A conductive input cover turn 12A and an output cover turn 12B are formed on both ends of the upper surface 10E of the dielectric body 10, and a cylindrical or cylindrical conductive cover turn 12A and an output cover turn 12B are formed at both ends of the upper surface 10E. A plurality of dielectric resonators 13-1 to 13-4 each having a center conductor are buried therein. The center conductor of each dielectric resonator 13-1 to 13-4 has patterns 14-1 to 14 for adjusting the resonance frequency, respectively.
-4 are extended and arranged on the upper surface 10E of the dielectric IO. Between each pattern 14-1 to 14-4,
Conductive coupling amount adjustment patterns 15-1 at predetermined intervals
15-3 is formed.

Here, in order to configure a filter using dielectric resonators, the distance between each dielectric resonator 13-1 to 13-4 is set to a length that provides the degree of coupling necessary to realize the filter. In this embodiment, it is not necessary to process grooves or the like on the surface of the dielectric 10 in order to obtain the necessary degree of coupling.
The processing of dielectric resonator 1 consists of a central conductor of cylindrical shape, etc.
A filter is realized by providing 3-1 to 13-4, etc. In addition, inlet cover pattern 12A and pattern 14
There is a gap di between patterns 14-1 and 15-1.
1, a gap d3 between the pattern 15-1 and the dielectric front surface 10A, and a gap d3 between the pattern 15-1 and the dielectric front surface 10A.
A gap d4 is provided between the dielectric back surface 10B and the dielectric back surface 10B.

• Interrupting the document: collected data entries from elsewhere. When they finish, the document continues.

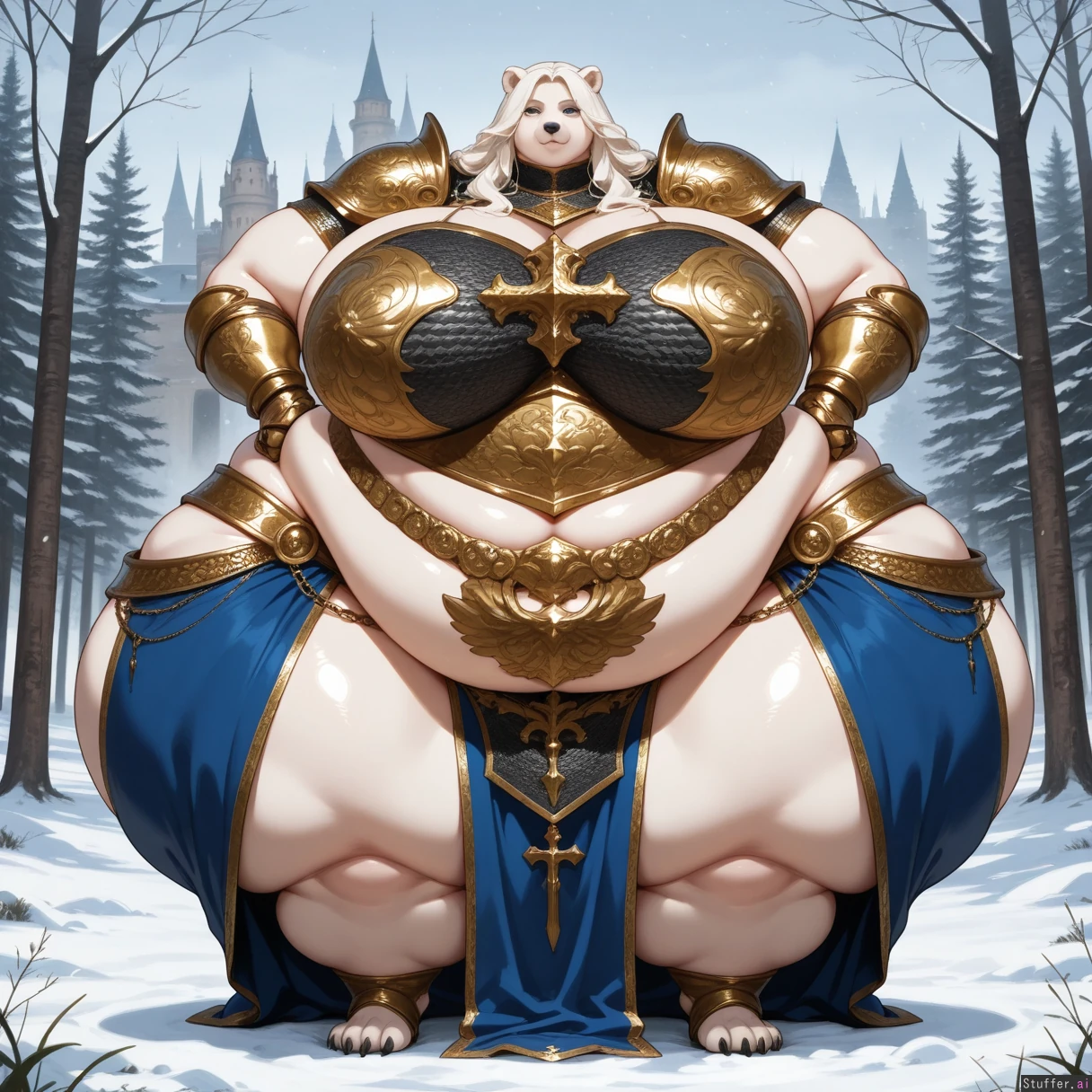 solo, anthro, polar bear, chainmail, tall, fat_arms, blue long skirt, bronze armor, cross, posing, full body view, white_hair, long_hair, blue_eyes, fully_clothed, castle, outdoors, gauntlets, digitigrade, standing, snowing, forest (huge hips:1.5), (huge thighs:1.2), (huge breasts:1.3), (ussbbw), (fat calves), (morbidly obese:1.4), (fat rolls), saggin_belly, exposed_belly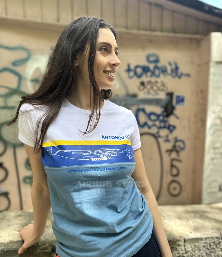 An original women's T-shirt with an image of the AN-225 Mriya airplane.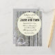 Des planches de bois gris rustique sont le décor de cette charmante invitation de mariage. Une couronne décorative de fleurs, coeurs et dentelle décorent le fond de la carte et une sphère décorative ronde avec feuilles et fleurs sont au centre de la carte avec toutes les informations. Le Country chic à son meilleur.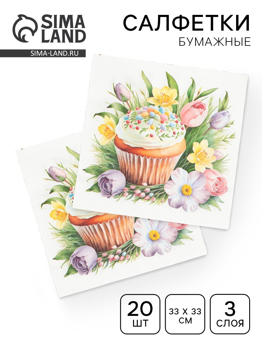 Салфетки бумажные пасхальные "Весенний кекс", 3 слоя, 33х33, 20 шт, Россия
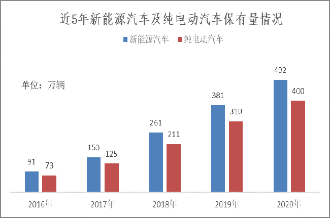 根據公安部交通管理局公布的數據顯示,截至2020年底,全國新能源汽車保有量達492萬輛,比2019年增加111萬輛,同比增長29.18%。其中,純電動汽車保有量為400萬輛,占新能源汽車總量的81.32%。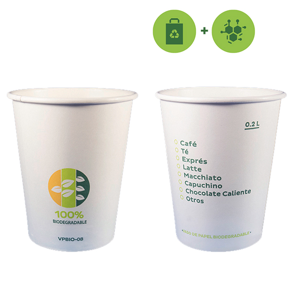 VASO BIODEGRADABLE COMPOSTABLE PAPEL+PLA PARA BEBIDA CALIENTE 08OZ. BIO-INIX 20/50 PZ.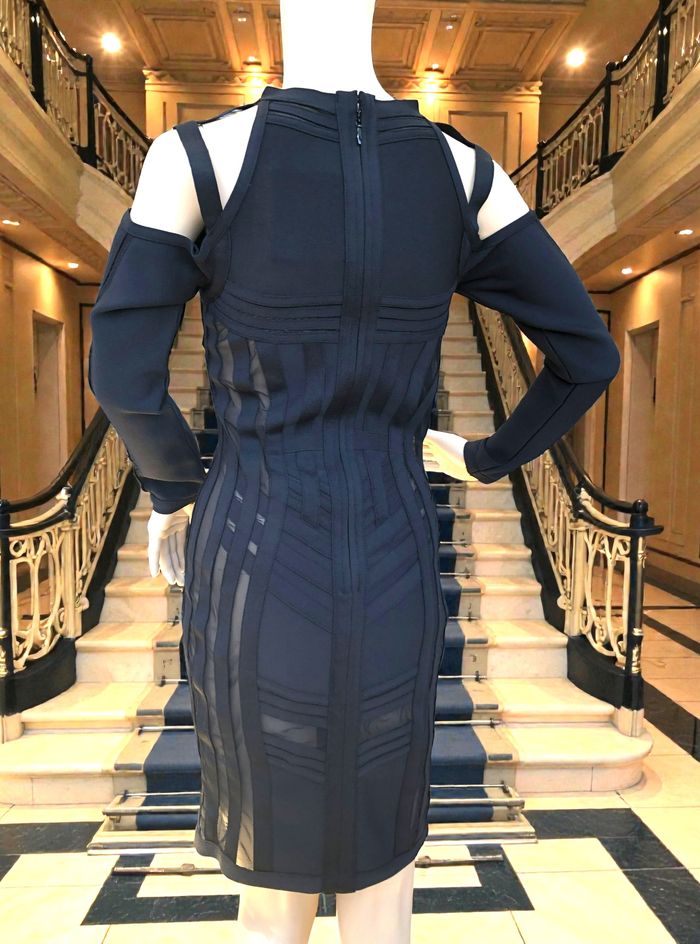 LADYCE - NEW - ROBE TYPE BANDAGES NOIRE DÉTAILS VOILE & LIGNES GÉOMETRIQUES M/L - photo numéro 4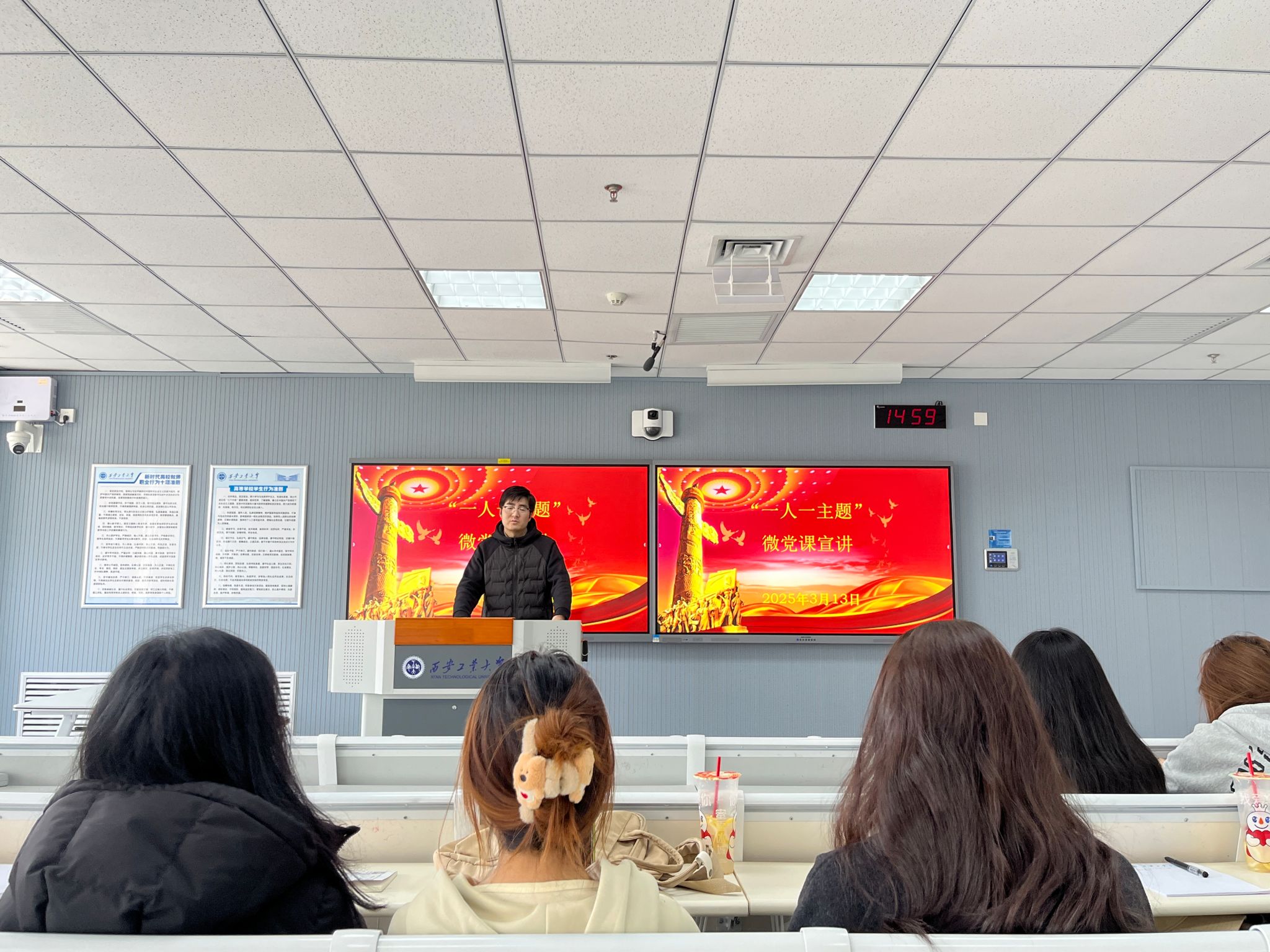网新本科生党支部在教9-319教室举办“一人一主题”微党课宣讲活动。本次党课以 “打得一拳开,免得百拳来”为主题,由支部党员李雯同志主讲,党支部书记王磊同志主持,全体党员参与学习。
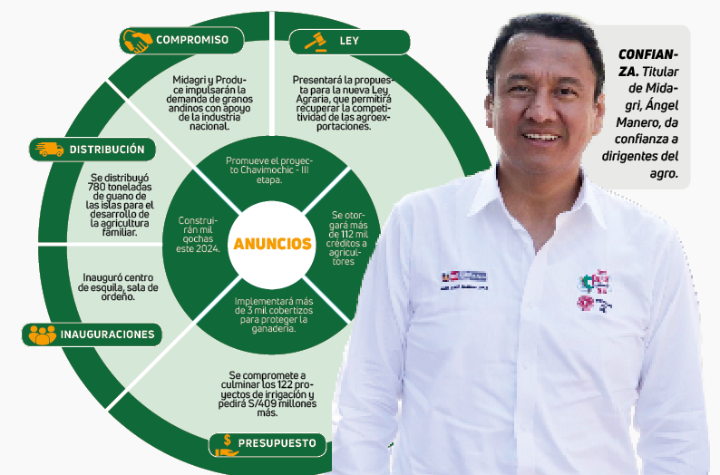 Manero Campos lleva 18 días como ministro y sus primeras acciones fueron reuniones con dirigentes de la Junta de Usuarios de Agua y otros dirigentes del agro. Entre sus promesas al momento de asumir fue continuar con el proyecto Chavimochic etapa III y promover una nueva ley agraria (ver infografía).
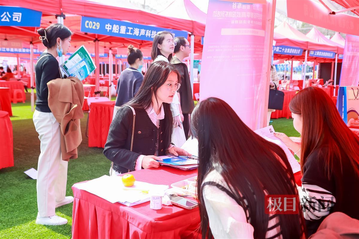 极目新闻记者看到,招聘现场,人头攒动,气氛火热, 500多家企业的招聘台摆满了中心广场,拿着简历的大学生们穿梭其间寻找心仪的岗位。而为了招聘到合适人才,不少企业的工作人员也主动出击,给大学生发放招聘单。不过记者也注意到,根据用人单位属性的不同,求职冷热也并不均等,国企、事业等用人单位,提供的岗位比较充足,待遇相对优厚,受到毕业生青睐,交简历问需求的求职者队伍往往排到三四米开外。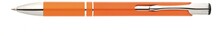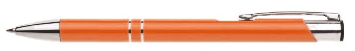 Plastové propisovací pero OIRA - oranžové . Pero je zdobené dvěma stříbrnými proužky. Na těle je zdobeno oválným výřezem. Pero má náplň velkoobsahovou, modře píšící.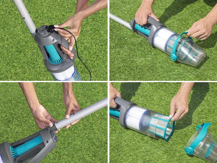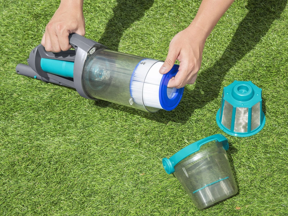 Udržujte svoj bazén krištáľovo čistý s ručným, bezdrôtovým vysávačom BESTWAY AquaGrip. Ponúka až 90 minút prevádzky, priehľadnú nádobu 2 l, dvojitú filtráciu (nerezové sitko + vložka typu VI) a 2 vymeniteľné hlavice na dno, steny aj rohy. Vďaka ľahkému tyčovému systému (2 m), LED osvetleniu a ochrane proti chodu nasucho je čistenie rýchle, bezpečné a efektívne pre nadzemné aj zapustené bazény.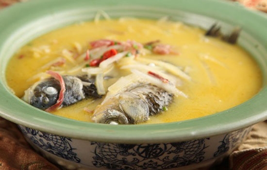 4.随后将鲫鱼放入碗中,浇入煮鱼原汤,撒上葱姜末,淋香油,再放回笼内,用大火蒸约5分钟即可。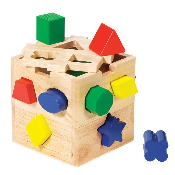 The ultimate shape sorter! Features 12 chunky, vibrantly colored shapes that make a satisfying clink as they drop into the natural finished hardwood cube! Then open the lid, take them out, and start all over again!

In the above configuration, the electric signal applied from the input cover turn 12A generates an electromagnetic field by the dielectric resonator 13-1 in the input stage, and this electromagnetic field is transmitted through the pattern 15-1 to the dielectric resonance between the adjacent legs. The signal is transmitted to the container 13-2. The electromagnetic field that has reached the interstage dielectric resonator 13-2 is pattern 15.
-2 to the a-contact interstage dielectric resonator 13-3. Similarly, the electric field reaching the crotch dielectric resonator 13-3 is transmitted to the adjacent output stage dielectric resonator 13-4 via the pattern 15-3, and the electric field is transferred to the load connected to the output cover turn 12B. supply.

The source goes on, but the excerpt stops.